Week 13: Portfolio Review and Celebration (Winter 2025 Webster)

 

Overview

This week you will refine and publish your final media pieces, and take an opportunity to browse through each others’ collections. This is also the time to wind down this course. I hope that the connections you have made here will endure in your teaching practice. The most effective support for developing online educational media, and developing online learning in general, is a network of colleagues with different backgrounds and experiences that you can draw upon for help.

In this course you’ve learned about the theory behind educational media and the practical tasks behind developing it. More specifically you’ve explored text, graphics, audio, and video and created your own examples in each genre. You have examined the need for accessibility in educational media and the principles behind universal design for learning, reflecting on how these impact your own educational practice. At each stage you’ve considered how student activities could include the creation of media and how larger projects can be developed that integrate student-created media. All of this has culminated in your ePortfolio, which is an opportunity to revisit your learning over these few months.

Learning Outcomes

When you have completed this week, you should be able to:

  • Describe and discuss the pedagogical and technical aspects of media produced for learning.

Topic 1: Course Reflection

Reflection is an important tactic for extending learning on a topic, particularly one that has included a significant project. Reflection can be an opportunity to connect all the parts and see a larger picture in the completed project. It can also be an opportunity to consider your process and evaluate how you got from A to B or how you might alter that route next time. While we will take the opportunity to reflect on our learning in this course, there are resources on reflection as a component of project-based learning in the Optional Readings and Resources section.

Activity 1: Celebration and Reflection

Participate in the course closing activity or activities during the final week of the course.

Topic 2: ePortfolio Review

The ePortfolio you have developed for Assignment 3 has a specific purpose for assessment within this course. In a wider view, ePortfolios offer opportunities for reflection and sharing in wide range of settings. What might start as an ePortfolio for assessment in a specific course or program can become a professional portfolio in your pursuit of a position, or it may evolve as a place to share your growing interests outside of a formal educational program.
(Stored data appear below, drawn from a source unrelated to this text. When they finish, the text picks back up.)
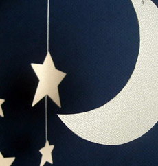Jeftin i zabavan način ukrašavanja je ručna izrada ukrasa u obliku mjeseca i zvijezda. Dajte svojoj mašti i kreativnosti na volju. Poslužite se kuhinjskom alu-folijom, sjajnim ukrasnim papirom i kartonom. Izrežite potrebne oblike od kartona i nalijepite sjajnu foliju ili papir s obje strane. Zatim ih vežite silkom ili svijetlim koncem i pričvrstite za plafon, preporučljivo na različitim visinama.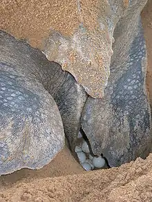 سلحفاة جلدية الظهر تنبش التراب لوضع البيض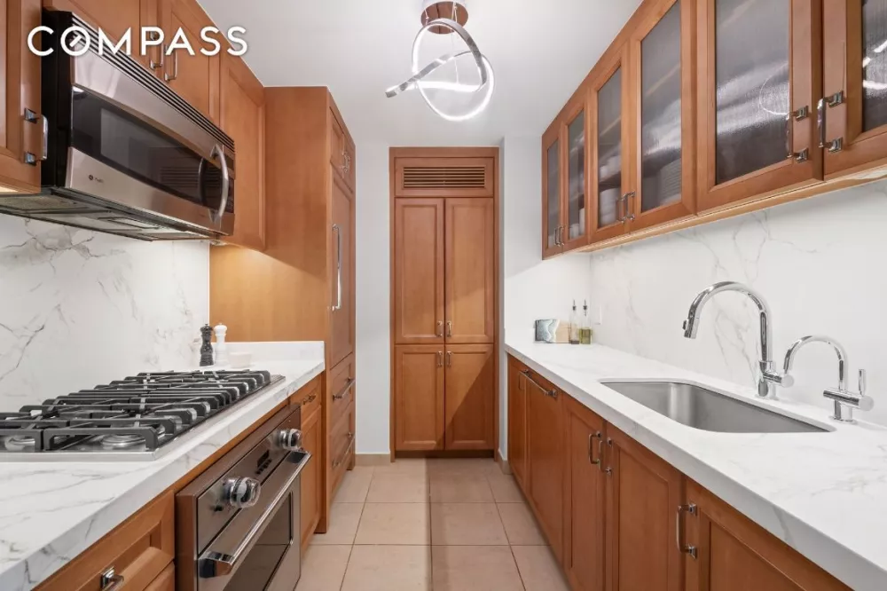 Sitting on the 16th floor, this 2 bedroom, 2 bathroom home has been recenly updated. The entryway features a coat closet, new Miele Washer/Dryer, and recently renovated second bathroom. The chef’s kitchen, with custom made wood cabinetry and new Dekton countertop and backsplash is complete with top-of-the-line Viking oven and range, Subzero refrigerator and Miele Dishwasher.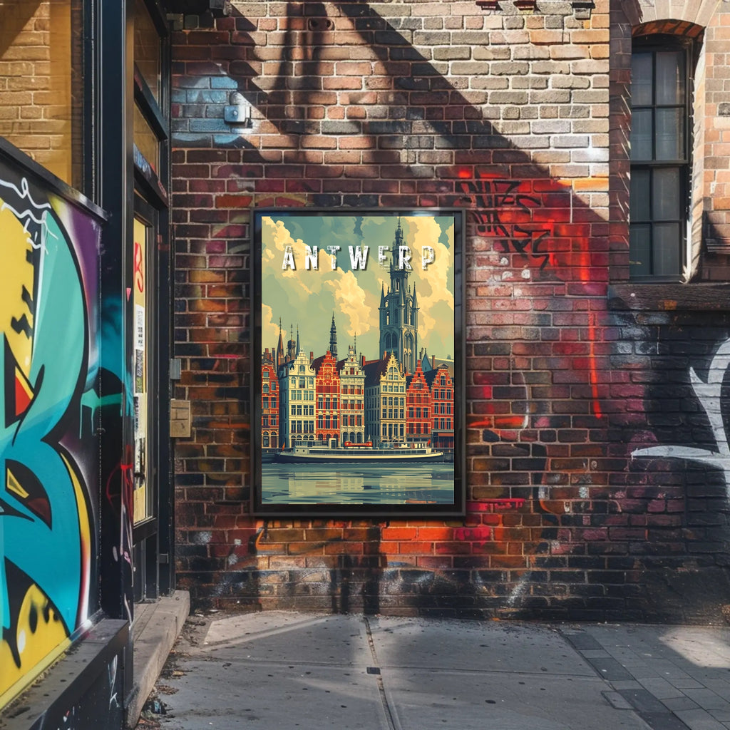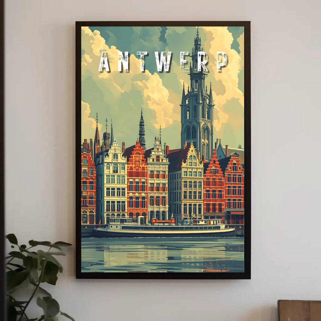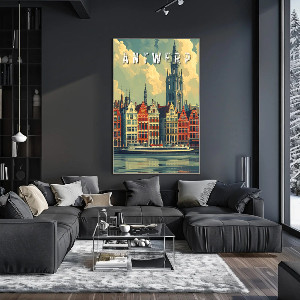 Why you'll love it: The poster’s detailed linework and rich color palette create depth and atmosphere, while the distressed "ANTWERP" title across the top adds an authentic vintage flair. Framed or unframed, it brings architectural beauty and wanderlust into living rooms, offices, or travel-themed spaces.

Within a program, ePortfolios can also be a place to extend learning after an artefact has fulfilled its initial place in a course assessment. Opportunities to reflect well after the initial development, to revise with the advantage of hindsight, or to extend a work mean that more learning can be supported through an ePortfolio. If you would like to explore the use of ePortfolios further, there are resources in the Optional Readings and Resources section.
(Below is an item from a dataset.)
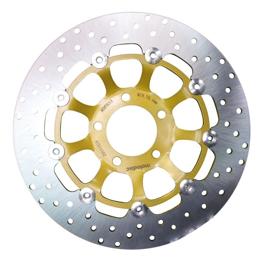 MTX Disc vous présente le disque de frein pour moto, fabriqué en acier inoxydable japonais type « SUS 420 » pour assurer une excellente résistance et durabilité.Parfait remplacement pour montage original. Optimisation avec des trous d’allègement pour le rendre léger et égaliser l?usure des plaquettes.La technologie de précision d?usinage par CNC et la découpe au laser garantissent une qualité optimale.Type de profil rondPosition: avant gauche ou droitQualité: origineDiamètre externe: 310 mmDiamètre interne: 144 mmDimension: 166 x 6 x 10.5 mmÉpaisseur: 6 mmVendu à l’unité et sans visserie
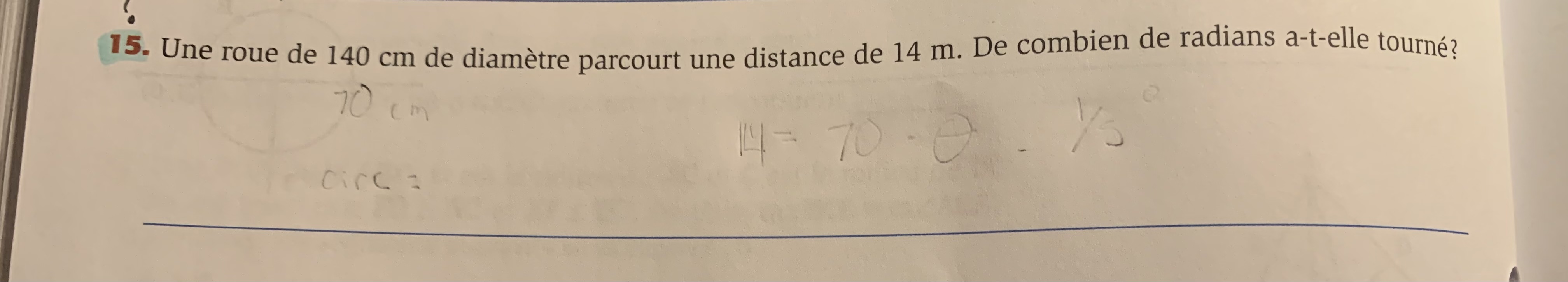 Ensuite, on sait que 1 tour = 2π rad. Il ne reste plus qu'à calculer de combien de radians la roue a tourné avec le nombre de tours trouvé.

Activity 2: Review and Comment on ePortfolios

Share the link to your ePortfolio as early in the week as you feel comfortable, even if it isn’t finished yet. Review the ePortfolio items from your fellow students and offer encouragement and constructive criticism. Your ePortfolios are due as an assignment at the end of Sunday (Week 13). If you need an extension please contact your instructor.

References and Resources

Required Readings and Resources

There are no required readings or resources for this unit.

Optional Readings and Resources

Boss, S., & Krauss, J. (2014). Chapter 10: Celebrating and reflecting. In Reinventing project-based learning: your field guide to real-world projects in the digital age. International Society for Technology in Education.
https://ebookcentral.proquest.com/lib/trulibrary-ebooks/detail.action?docID=4395788

Davis, V. (2017, November 17). 11 essentials for excellent digital portfolios. Edutopia.
https://www.edutopia.org/blog/11-essentials-for-excellent-eportfolios-vicki-davis

Higgins, A., & Cherrington, S. (2017). What’s the story? Exploring parent–teacher communication through ePortfolios. Australasian Journal of Early Childhood42(4), 13-21.
https://journals-sagepub-com.ezproxy.tru.ca/doi/abs/10.23965/AJEC.42.4.02

McCrea, B. (2012, October 24). A balanced approach to ePortfolios. THE Journal.
https://thejournal.com/articles/2012/10/24/a-balanced-approach-to-eportfolios.aspx?=THE21

Parsons, C. M. (2017, April 19). PBL in the mirror: Planning for student reflection. PBL Blog. Buck Institute for Education.
https://www.bie.org/blog/pbl_in_the_mirror_planning_for_student_reflection

Watson, C. E., Kuh, G. D., Rhodes, T., Light, T. P. & Chen, H. L. (2016). ePortfolios: The eleventh high impact practice. International Journal of ePortfolio, 6(2), 65-69.